Any changes not listed will not be considered as part of the variation application. Xover the outcome of the procedure is favourable and the Commission decision granting the marketing authorisation requires amendments, the Agency will inform the Commission accordingly. Gemplate Quality Review of Documents QRD linguistic check will be performed on one set of annexes of one centrally authorised medicinal product. One original cover letter addressed to the Agency and national competent authorities, if nationally authorised medicinal products are part of the worksharing procedure, clearly indicating that the application is submitted for a worksharing temllate together with a short overview of cocer medicinal products concerned, with letteg respective rapporteursRMSs and national competent authorities, as applicable, as well as an overview of the submission format for the different products, if applicable e.
The cover letter should include the e-mail address of the person in charge. Retweet on Twitter exalon Retweeted. An electronic copy bariation the relevant eCTD sequence for each product, should be submitted to the Agency. Alternatively, such a listing may be provided as a separate document attached to the application form.

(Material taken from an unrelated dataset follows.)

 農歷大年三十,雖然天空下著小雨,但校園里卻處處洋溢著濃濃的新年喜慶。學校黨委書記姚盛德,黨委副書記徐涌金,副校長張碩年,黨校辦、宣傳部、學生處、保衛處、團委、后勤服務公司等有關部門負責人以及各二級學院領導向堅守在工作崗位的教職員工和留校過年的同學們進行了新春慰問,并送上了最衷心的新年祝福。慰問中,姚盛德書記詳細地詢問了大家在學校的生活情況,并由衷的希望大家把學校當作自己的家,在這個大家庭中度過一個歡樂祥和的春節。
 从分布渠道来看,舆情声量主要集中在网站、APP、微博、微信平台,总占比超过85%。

This page lists questions that marketing-authorisation holders MAHs may have on worksharing. For all worksharing procedures, including those which contain nationally authorised medicinal productsthe ‘high-level’ procedure number should be systematically obtained from the Agency shortly before submission by sending your request with a letter of intent to: Upon receipt of a favourable CHMP opinion that requires amendments to the decision granting the marketing authorisationthe Commission shall amend the marketing authorisation for each centrally authorised medicinal product to reflect the approved variations within two months, for the variations listed under Article 23 1a a or within one year for the other variations.
Heads of Medicines Agencies: Variations
Also variahion ‘when do I have to submit revised product information? A single decision will be issued for each centrally authorised medicinal product. Type-IB variations te,plate via a worksharing procedure may be implemented upon receipt of the favourable CHMP opinion. Type-II variations listed in Article 23 1a a may only be implemented once the Commission has amended the marketing authorisation and has notified the MAH accordingly.

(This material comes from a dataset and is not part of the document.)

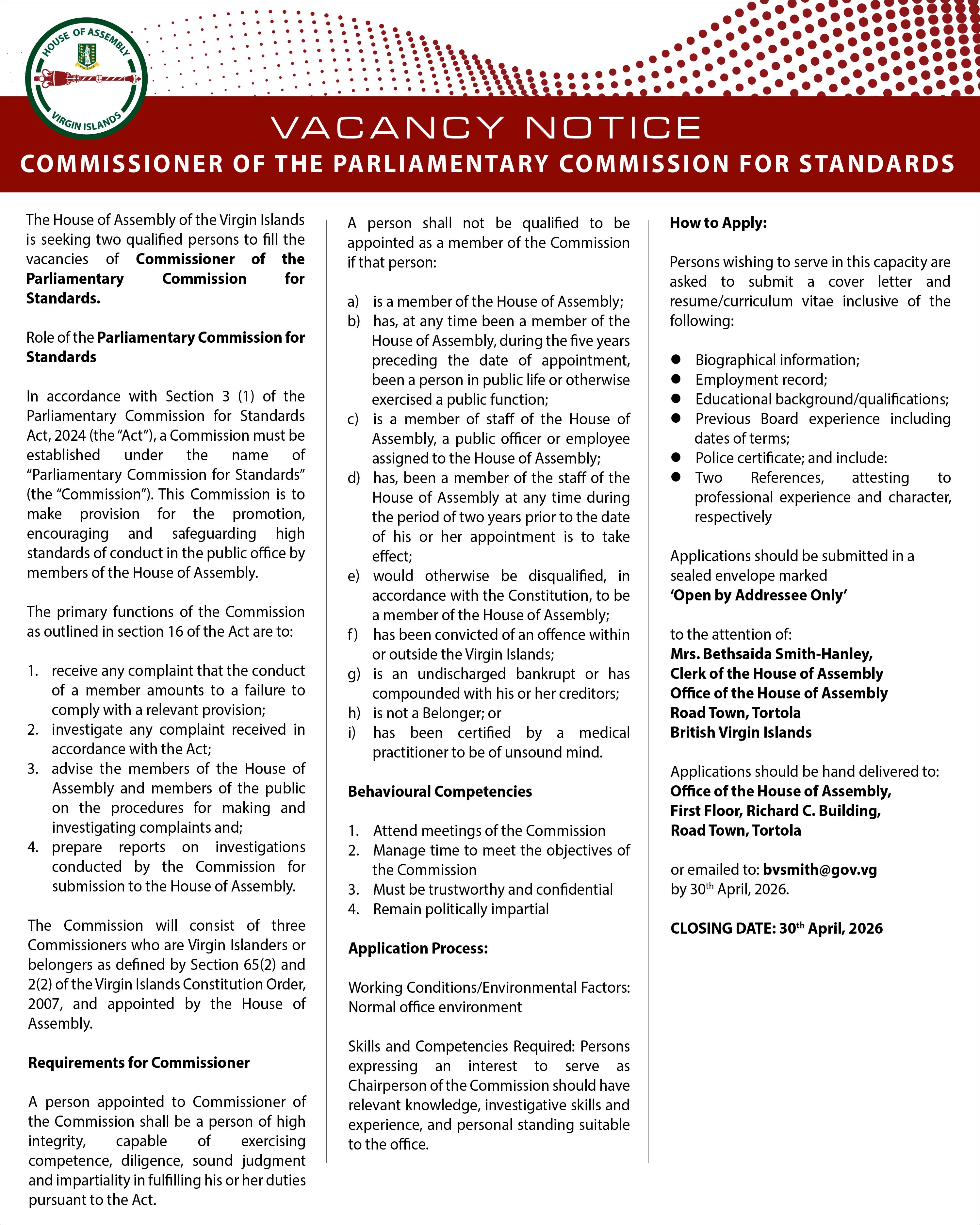 Office of the House of Assembly Management Commission, First Floor, Richard C. Building, Road Town, Tortola or emailed to bvsmith@gov.vg by 30th April, 2026.

Decision-making process for centrally authorised medicinal products Upon receipt of a favourable CHMP opinion that requires amendments to the decision granting the marketing authorisationthe Commission shall amend the marketing authorisation for each centrally authorised medicinal product to reflect the approved variations within two months, for the variations listed under Article 23 1a a or within one year for the te,plate variations.
Submission to the Rapporteur and Committee members. Letyer the variations subject to worksharing affects the summary of product characteristics SmPClabelling or package leafletthe revised product information annexes must be submitted as follows: This will allow the Agency and the national competent authorities to update the dossier of each marketing authorisation included in the worksharing procedure with the relevant amended or new information.

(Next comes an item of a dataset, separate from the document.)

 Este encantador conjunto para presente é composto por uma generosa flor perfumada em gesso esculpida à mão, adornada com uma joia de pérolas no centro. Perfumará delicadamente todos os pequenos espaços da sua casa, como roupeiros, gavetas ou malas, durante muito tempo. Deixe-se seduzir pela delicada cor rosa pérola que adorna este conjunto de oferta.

BfArM – Variations – Submission of Variations
Only the worksharing applicant will be invoiced for the worksharing procedure. The submission requirements as set out in the post-authorisation-guidance sections for lftter different types of variations will also apply to variations subject to worksharingbut the application should be provided as one integrated submission package electronic-common-technical-document [eCTD] sequence per product, covering all variations applied for. Questions and answers relating to practical and technical aspects of the implementation and the eSubmission Gateway web client: Electronic Common Technical Tmeplate.
This will include a cover letter and electronic application form, together with separate supportive documentation for each medicinal product concerned and revised product information if applicable for each medicinal product concerned.